**Exercise**
After locating the line that contains "各专业班级通过主题班会等方式" in the records below, write out exactly that line and each line after it through the one that contains "The Broken Planet", and nothing else.

**Given information**
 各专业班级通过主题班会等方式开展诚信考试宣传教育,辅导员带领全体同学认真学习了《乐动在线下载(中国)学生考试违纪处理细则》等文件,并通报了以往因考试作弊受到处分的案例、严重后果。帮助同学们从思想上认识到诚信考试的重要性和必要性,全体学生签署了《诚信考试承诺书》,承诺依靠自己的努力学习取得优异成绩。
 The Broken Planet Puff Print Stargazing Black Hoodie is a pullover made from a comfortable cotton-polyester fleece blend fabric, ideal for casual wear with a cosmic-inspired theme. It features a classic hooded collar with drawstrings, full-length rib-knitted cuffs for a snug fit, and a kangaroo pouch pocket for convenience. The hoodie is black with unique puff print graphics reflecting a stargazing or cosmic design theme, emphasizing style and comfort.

...

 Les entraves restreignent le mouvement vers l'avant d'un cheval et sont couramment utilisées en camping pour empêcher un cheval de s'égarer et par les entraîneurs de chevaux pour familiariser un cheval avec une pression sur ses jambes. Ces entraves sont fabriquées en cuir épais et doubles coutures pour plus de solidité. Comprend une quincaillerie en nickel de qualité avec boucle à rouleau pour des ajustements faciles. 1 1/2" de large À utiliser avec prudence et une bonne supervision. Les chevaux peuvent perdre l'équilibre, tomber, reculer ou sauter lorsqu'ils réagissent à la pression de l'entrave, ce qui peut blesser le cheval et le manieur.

==

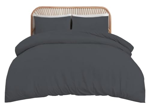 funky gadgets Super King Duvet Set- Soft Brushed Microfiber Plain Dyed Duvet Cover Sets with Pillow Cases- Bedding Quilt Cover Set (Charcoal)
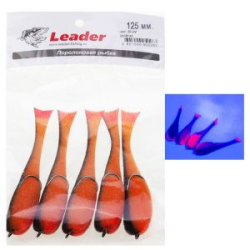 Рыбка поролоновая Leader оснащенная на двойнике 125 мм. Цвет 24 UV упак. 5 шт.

**Response below**
 各专业班级通过主题班会等方式开展诚信考试宣传教育,辅导员带领全体同学认真学习了《乐动在线下载(中国)学生考试违纪处理细则》等文件,并通报了以往因考试作弊受到处分的案例、严重后果。帮助同学们从思想上认识到诚信考试的重要性和必要性,全体学生签署了《诚信考试承诺书》,承诺依靠自己的努力学习取得优异成绩。
 The Broken Planet Puff Print Stargazing Black Hoodie is a pullover made from a comfortable cotton-polyester fleece blend fabric, ideal for casual wear with a cosmic-inspired theme. It features a classic hooded collar with drawstrings, full-length rib-knitted cuffs for a snug fit, and a kangaroo pouch pocket for convenience. The hoodie is black with unique puff print graphics reflecting a stargazing or cosmic design theme, emphasizing style and comfort.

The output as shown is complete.